A Copasa é uma companhia de saneamento de esgosto e abastecimento de água do estado de Minas Gerais. Atualmente a empresa possui 640 concessões de água e 310 de esgotamento com 632 e 269 respectivamente estando em operação.
A companhia detém 640 concessões de água e 309 concessões de esgoto sendo a mais importante a do município de Belo Horizinte que vence em 2032. A empresa tem 10 concessões que representam aproximadamente 50% da sua receita líquida.
O reajuste nas tarifas com base na inflação e o monopólio nas regiões onde atua com serviço prestado sendo essencial para a população permitem uma alta previsibilidade nos resultados de fluxo de caixa da empresa.
No final de 2025 a companhia contratou a consultoria Ernest & Young e o BTG Pactual para realizar estudos sobre possíveis alternativas para a privatização da companhia.
Entre as alternativas estão a realização de leilão ou follow-on na bolsa como foi feito pela recente privatização da Sabesp.
Vale ressaltar que o governador de Minas Gerais, Romeu Zema, já sancionou lei que permite a privatização da Copasa.
Diante disso a expectativa é de que a conclusão da privatização aconteça ainda no início deste ano sendo o único ponto pendente a conclusão do contrato de renovação da concessão com o município de Belo Horizonte, em que a empresa já comunicou ter chegado a termos iniciais.
Segue abaixo a análise dos seus principais números nos últimos anos:
Entre o acumulado dos últimos 12 meses no 3T25 e 2021 a receita da Copasa passou de R$ 5,9 bilhões para R$ 8,2 bilhões crescimento de 50,0% no período impulsionado por: i) Expansão da base de clientes; ii) Reajustes tarifários autorizados e; iii) Investimentos em infraestrutura e ampliação de rede.
Na mesma base de comparação, o Ebit teve crescimento ainda maior ao sair de R$ 1,1 bilhões para R$ 2,2 bilhões que pode ser explicado por fatores como: i) Melhora da eficiência operacional através da redução de perdas, automação e digitalização dos processos e otimização de contratos e insumos; ii) Avanço da cobertura de esgoto que possui margem mais alta que a água; e iii) Maior diluição dos custos fixos com o crescimento da base.
Por outro lado, a dívida bruta teve forte crescimento ao sair de R$ 4,0 bilhões para R$ 6,6 bilhões em igual base comparativa explicada pelos seguintes motivos; i) Cumprimento do Novo Marco do Saneamento que antecipou os investimentos e; ii) Aumento do custo da dívida devido a alta da selic e inflação durante o período em que parte desta dívida está atrelada a estes dois indicadores.
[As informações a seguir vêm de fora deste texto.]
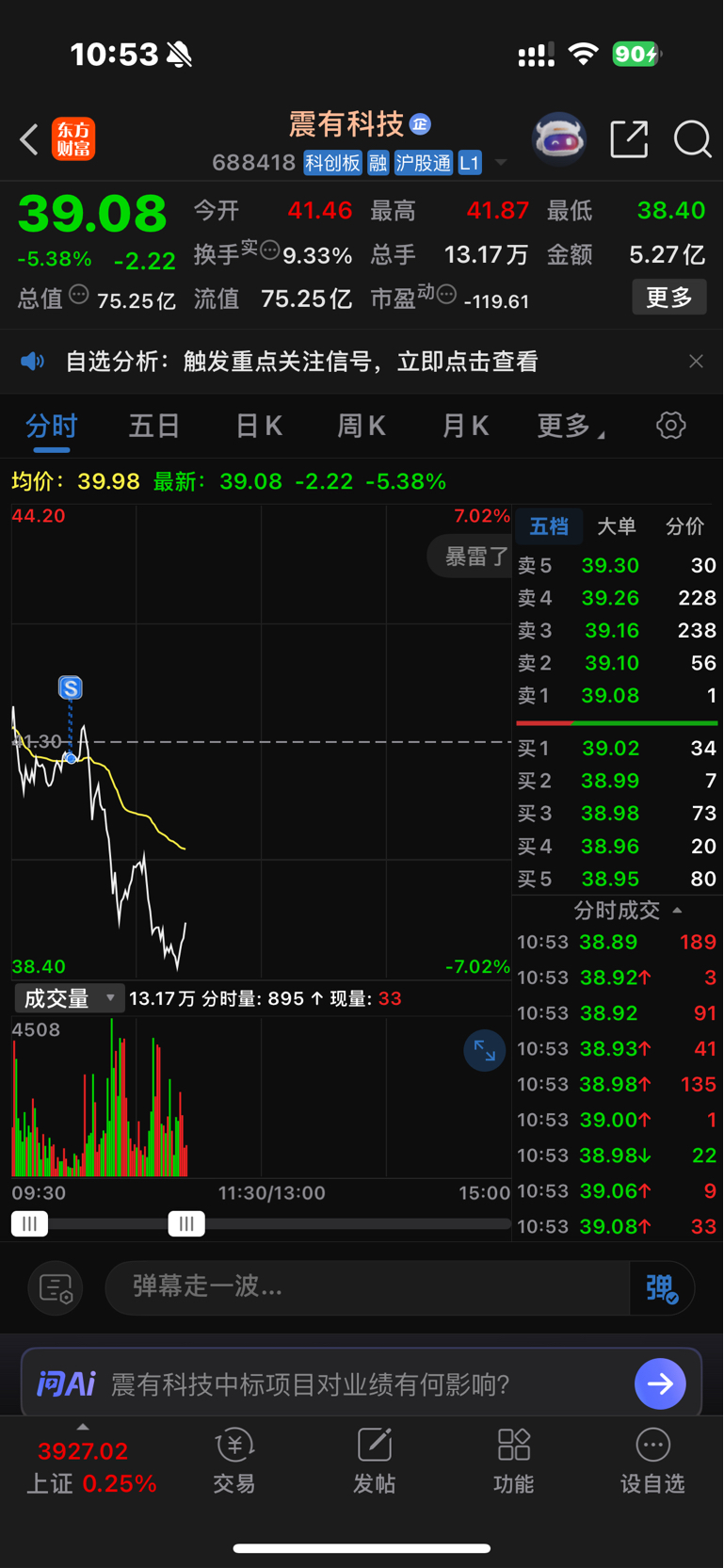 $震有科技(SH688418)$ 昨天没清仓完,今天终于清仓了,不见
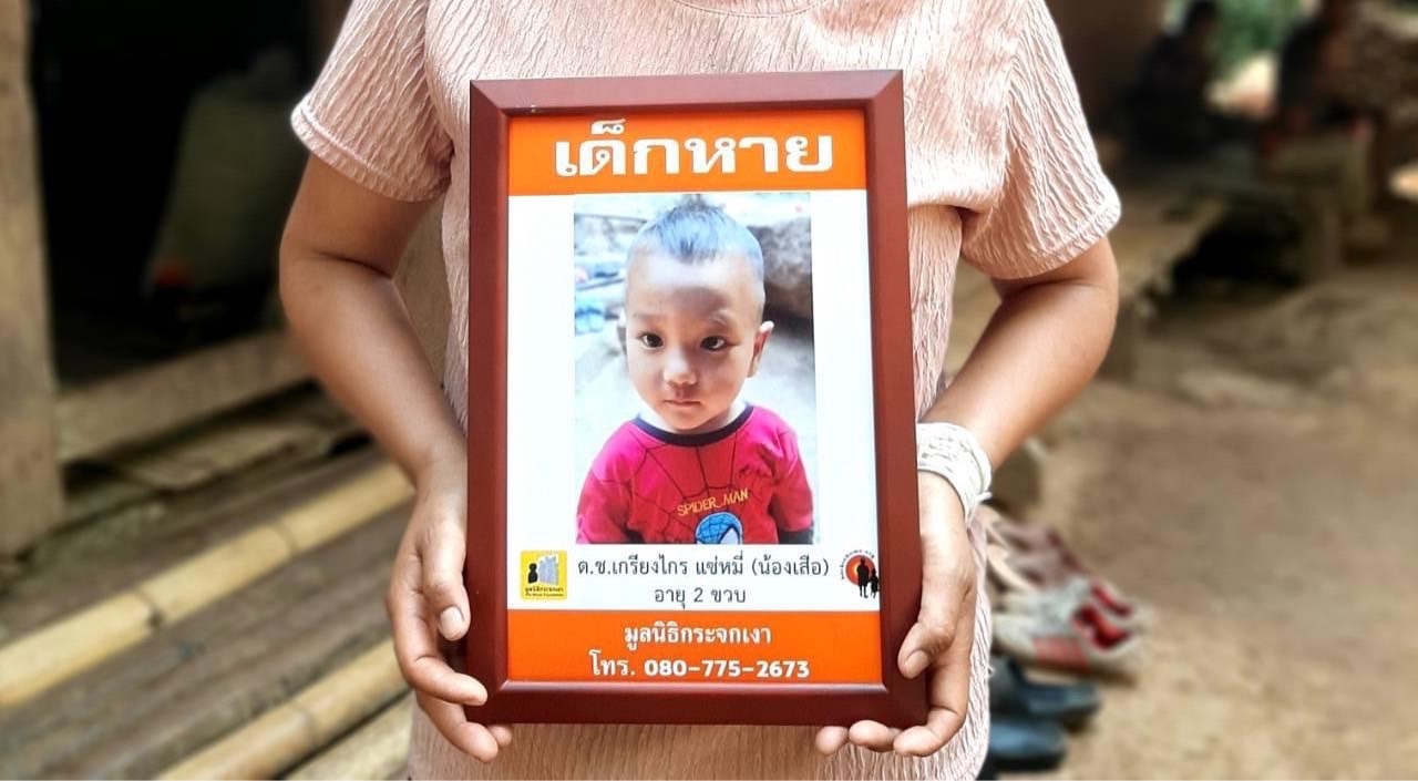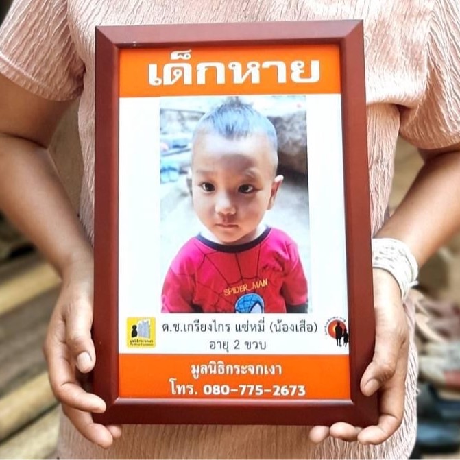 เมื่อวันที่ 23 มีนาคม 2567 เวลาประมาณ 15.00 น. ด.ช.เกรียงไกร แซ่หมี่ ชื่อเล่น เสือ อายุ 2 ปี รูปร่างสมส่วน สูงประมาณ 90 ซม. น้ำหนักประมาณ 10 กก. สวมเสื้อยืดสีแดง กางเกงขาสั้นสีน้ำเงิน ไม่สวมรองเท้า

Apesar deste aumento, o nível de endividamento da empresa segue sob controle, já que a dívida bruta equivale a menos que o patrimônio líquido da empresa representando assim 77,0% desta atualmente.
Já o lucro líquido da Copasa saiu de R$ 537,6 milhões (2021) para R$ 1,3 bilhões (acumulado 12 meses 3T25) impulsionado pelo forte crescimento do ebit e da boa gestão da dívida.
Fica evidente que a companhia apresentou números sólidos nos últimos anos. Soma-se a isso a expectativa de privatização da empresa que uma vez ocorrendo deve melhorar o seu nível de lucratividade no médio/longo prazo. Dessa forma e diante dos seus bons fundamentos recomendamos COMPRA para as ações da Copasa (CSMG3).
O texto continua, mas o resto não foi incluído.